*** Data segment Section Begins ***
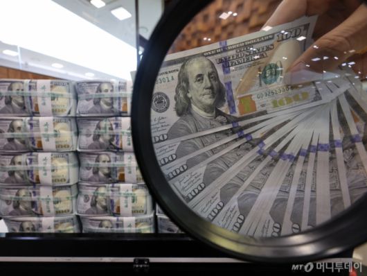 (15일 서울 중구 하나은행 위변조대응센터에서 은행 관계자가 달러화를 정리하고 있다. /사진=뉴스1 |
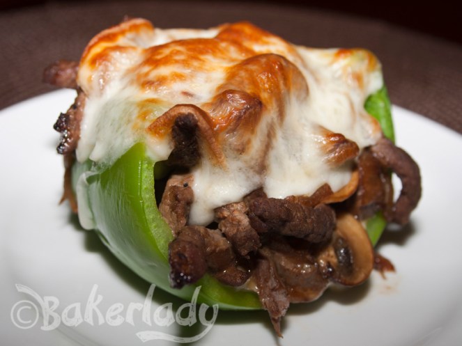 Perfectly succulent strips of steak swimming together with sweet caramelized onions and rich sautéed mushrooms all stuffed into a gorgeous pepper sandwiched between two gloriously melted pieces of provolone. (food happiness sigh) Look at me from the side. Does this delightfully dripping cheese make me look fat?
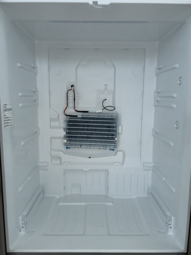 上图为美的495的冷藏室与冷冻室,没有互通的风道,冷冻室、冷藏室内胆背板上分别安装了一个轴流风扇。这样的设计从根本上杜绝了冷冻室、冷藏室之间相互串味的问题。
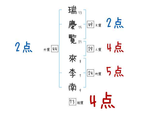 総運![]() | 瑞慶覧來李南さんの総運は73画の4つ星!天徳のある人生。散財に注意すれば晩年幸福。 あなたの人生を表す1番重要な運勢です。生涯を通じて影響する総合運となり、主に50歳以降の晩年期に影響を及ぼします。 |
*** Data segment Section Ends ***
● **To do**: From the line with "上图为美的495的冷藏室与冷" through the end of the listing, write out every line exactly, leaving out the pictures.

● **Final answer**:
 上图为美的495的冷藏室与冷冻室,没有互通的风道,冷冻室、冷藏室内胆背板上分别安装了一个轴流风扇。这样的设计从根本上杜绝了冷冻室、冷藏室之间相互串味的问题。
 総運![]() | 瑞慶覧來李南さんの総運は73画の4つ星!天徳のある人生。散財に注意すれば晩年幸福。 あなたの人生を表す1番重要な運勢です。生涯を通じて影響する総合運となり、主に50歳以降の晩年期に影響を及ぼします。 |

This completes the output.